▶ [WHAT YOU HAVE TO DO]
Would you restate the listing word for word, with the images omitted?

▶ [AVAILABLE DATA]
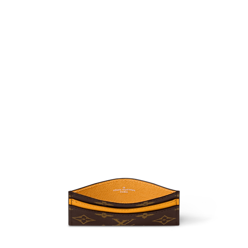 メゾン定番のキャンバスの1つであるモノグラム・マカサーで仕上げた端正な表情のカードホルダー。さりげないカラーアクセントが魅力です。上部にあしらった染色したカウハイドレザーのバンドと同系色のライニングが、意外性のあるひねりをプラス。4つのカードスロットに加え、クレジットカードや交通系ICカード、名刺などを収納できるセンターポケットを備えています。
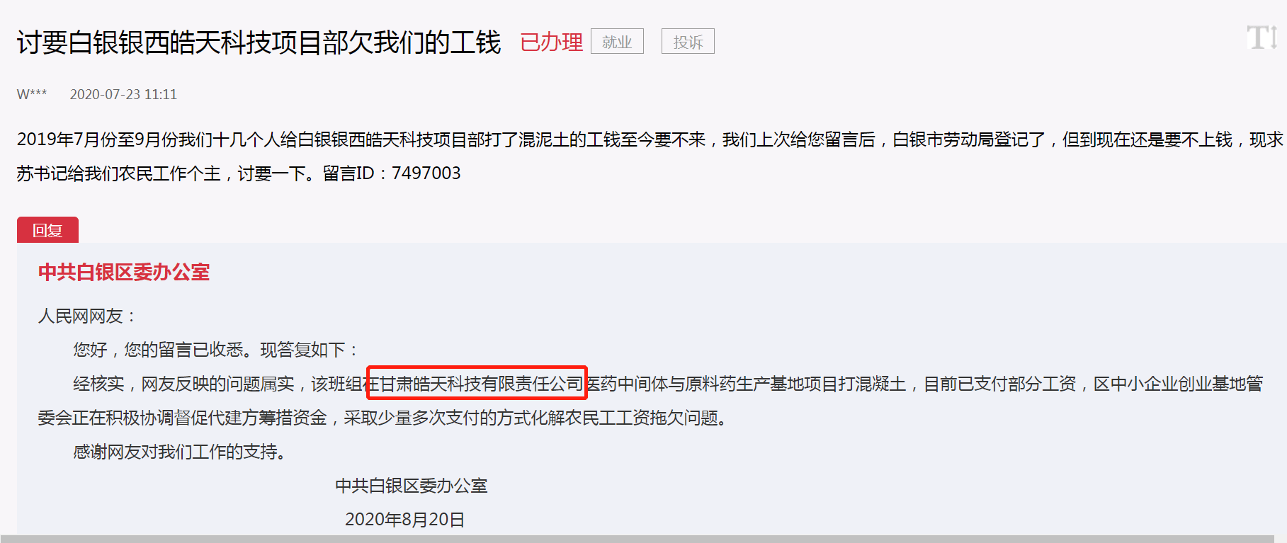 2020年8月,中共白银区委办公室进行了回复,表示网友反映的问题属实,该班组在甘肃皓天中间体与原料药生产基地项目打混凝土,目前已支付部分工资,区中小企业创业基地管委会正在积极协调督促代建方筹措资金,采取少量多次支付的方式化解农民工工资拖欠问题。
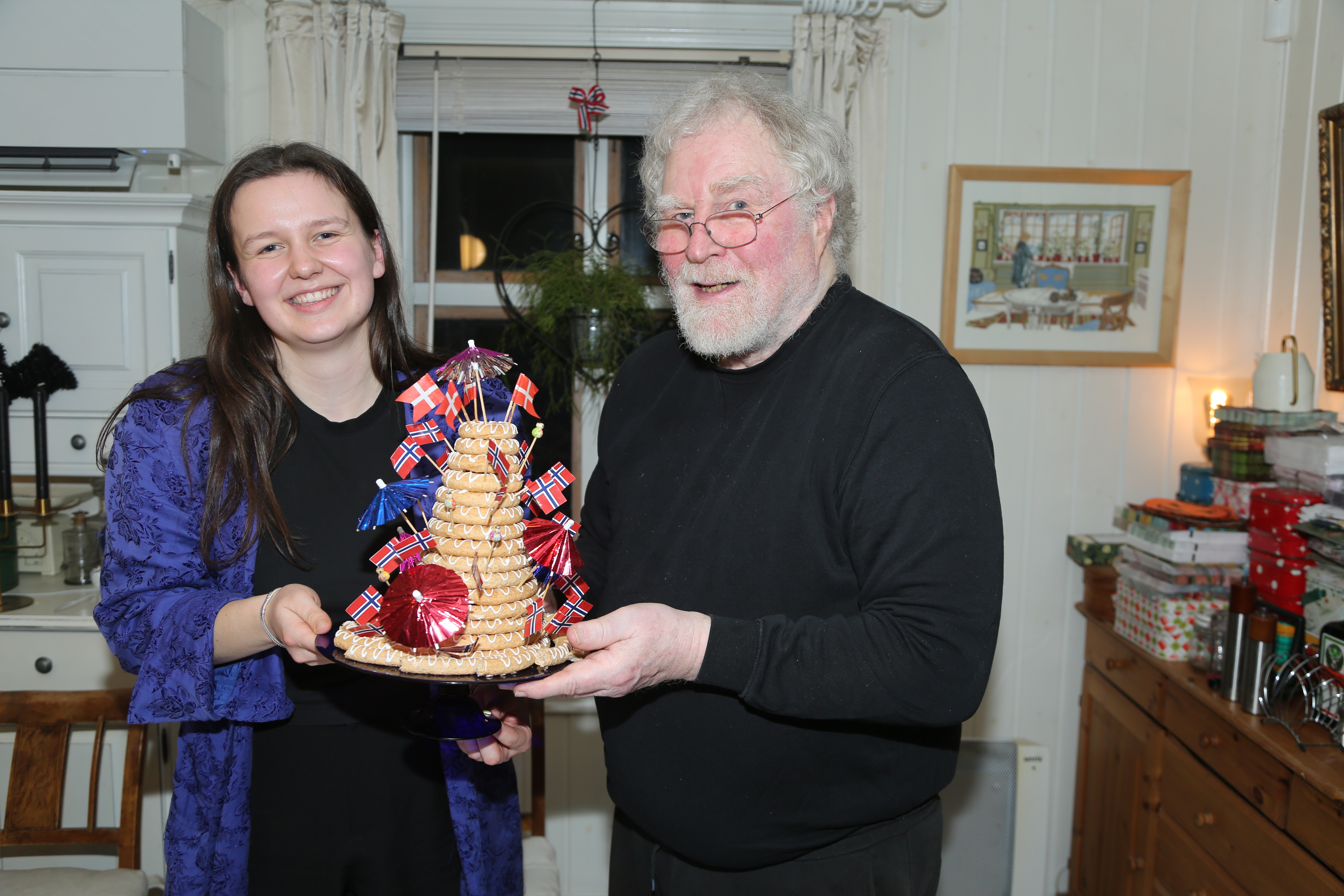 VELFORTJENT VINNER: Olivia Køppe Christoffersen er den første mottakeren av Skovlystipendet som komponist og professor emeritus ved Norges musikkhøyskole, Olav Anton Thommessen står bak. Siden Olivia er dansk måtte selvsagt kransekaka som var en del av desserten under prisutdelingsmiddagen også pyntes med danske flagg. FOTO: Rolf E. WulffBilde 1 av 4
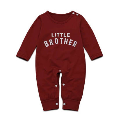 This long sleeve jumpsuit is a stylish and comfortable addition to your little one's wardrobe. The "Little Brother" lettering creates a fun and playful message, while the solid color adds a touch of simplicity to the design. The long sleeves provide extra warmth and protection on cooler days, while the soft and comfortable fabric ensures all-day comfort. This jumpsuit is perfect for any occasion, from playtime to naptime, and its versatile design allows it to be paired with other pieces for a variety of stylish looks.

▶ [RESULT]
 メゾン定番のキャンバスの1つであるモノグラム・マカサーで仕上げた端正な表情のカードホルダー。さりげないカラーアクセントが魅力です。上部にあしらった染色したカウハイドレザーのバンドと同系色のライニングが、意外性のあるひねりをプラス。4つのカードスロットに加え、クレジットカードや交通系ICカード、名刺などを収納できるセンターポケットを備えています。
 2020年8月,中共白银区委办公室进行了回复,表示网友反映的问题属实,该班组在甘肃皓天中间体与原料药生产基地项目打混凝土,目前已支付部分工资,区中小企业创业基地管委会正在积极协调督促代建方筹措资金,采取少量多次支付的方式化解农民工工资拖欠问题。
 VELFORTJENT VINNER: Olivia Køppe Christoffersen er den første mottakeren av Skovlystipendet som komponist og professor emeritus ved Norges musikkhøyskole, Olav Anton Thommessen står bak. Siden Olivia er dansk måtte selvsagt kransekaka som var en del av desserten under prisutdelingsmiddagen også pyntes med danske flagg. FOTO: Rolf E. WulffBilde 1 av 4
 This long sleeve jumpsuit is a stylish and comfortable addition to your little one's wardrobe. The "Little Brother" lettering creates a fun and playful message, while the solid color adds a touch of simplicity to the design. The long sleeves provide extra warmth and protection on cooler days, while the soft and comfortable fabric ensures all-day comfort. This jumpsuit is perfect for any occasion, from playtime to naptime, and its versatile design allows it to be paired with other pieces for a variety of stylish looks.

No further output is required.